Biographical Memoirs: Volume 60

LIBBIE HENRIETTA HYMAN

December 6, 1888-August 3, 1969

Courtesy, Gabor Éder

BY LIBBIE H. HYMAN1 AND G. EVELYN HUTCHINSON2

"I WAS BORN IN DES MOINES, Iowa, December 6, 1888, of Jewish parents, both of whom were immigrants to the United States. My father, Joseph Hyman, came from a Polish village, name of Konin, located in a part of Poland that had been appropriated by Russia. It lay within the Russian Pale, where Jews were subject to brutal restrictions. At the age of fourteen he escaped across the border and made his way to London where he lived for some years, earning a living by plying the family trade of tailoring. Eventually he migrated to the United States, where he struck up a strong friendship with one David Goldman. The two men decided to migrate to what was then the far west (namely Iowa) and went to Des Moines, where they built a store, occupying the ground story with a clothing business.

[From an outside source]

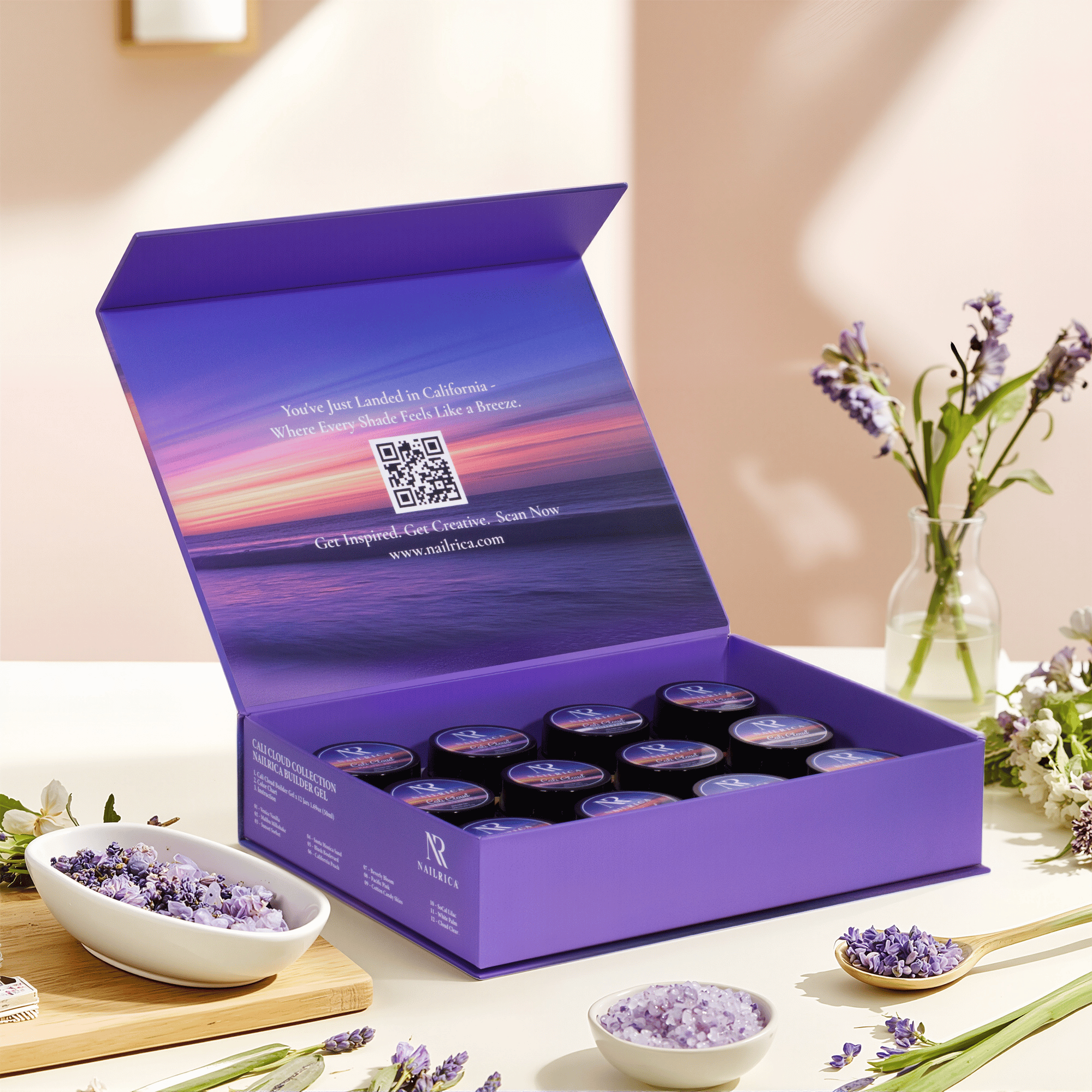 Elevate your nail game with the Cali-Cloud Builder Gel Collection from NAILRICA – a premium set of 12 highly pigmented builder gels in a jar, inspired by the soft, dreamy skies of California.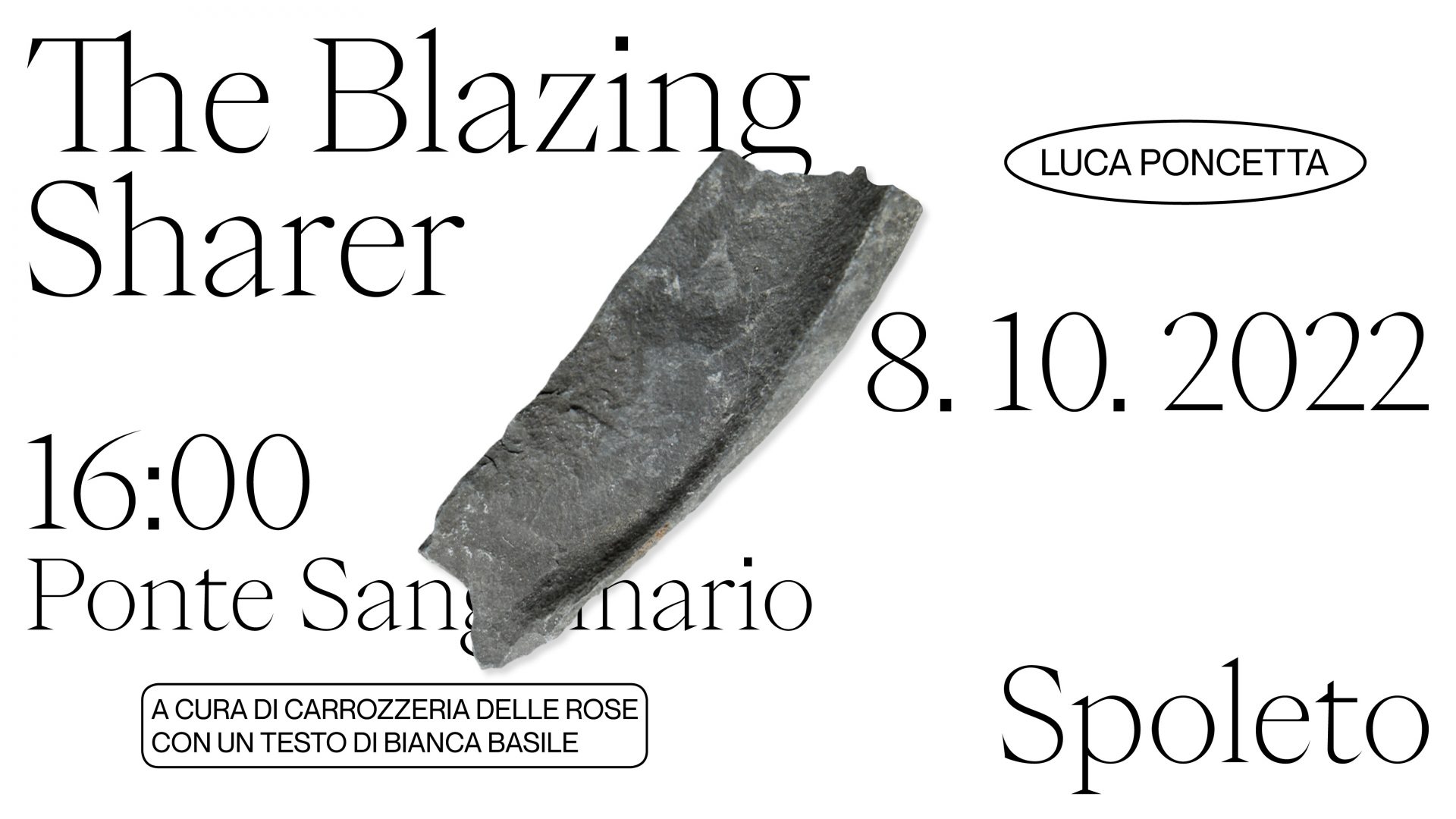 The Blazing Sharer, racchiude due interventi scultorei site-specific per il Ponte Sanguinario, luogo di forte connotazione storica e morfologica. Il Ponte ha avuto tanti smottamenti di cambio funzionale nel tempo. Da quando ha smesso di essere passaggio del fiume, nota Bianca Basile, il sito archeologico ha subito un interramento, un allagamento e una successiva sopraelevazione, si fa dunque simbolo di passaggio e di trasformazione.

"My mother, Sabina or Bena Neumann, was born in Stettin, Germany, one of eight children of a father who died young. She migrated to the United States and went directly to Des Moines, because she had a brother living there. He made a household slavey out of her and treated her roughly, after the best Prussian traditions. Finally she left him and went to work for a family named Posner. This Posner had married a sister of my father's, and my father—a bachelor in his late forties—was living with the Posners. He was twenty years older than my mother. The names Hyman and Posner are both invented names.

1  

Libbie Henrietta Hyman left with the Academy a brief autobiography of about 2,500 words, which I find so moving that I have quoted it here unedited. Since it is, however, overmodest, I have supplemented it with a more objective evaluation of her contributions to zoology.

2  

The Academy would also like to express its special thanks to Prof. James N. Cather of the University of Michigan for his editorial help in the preparation of this manuscript.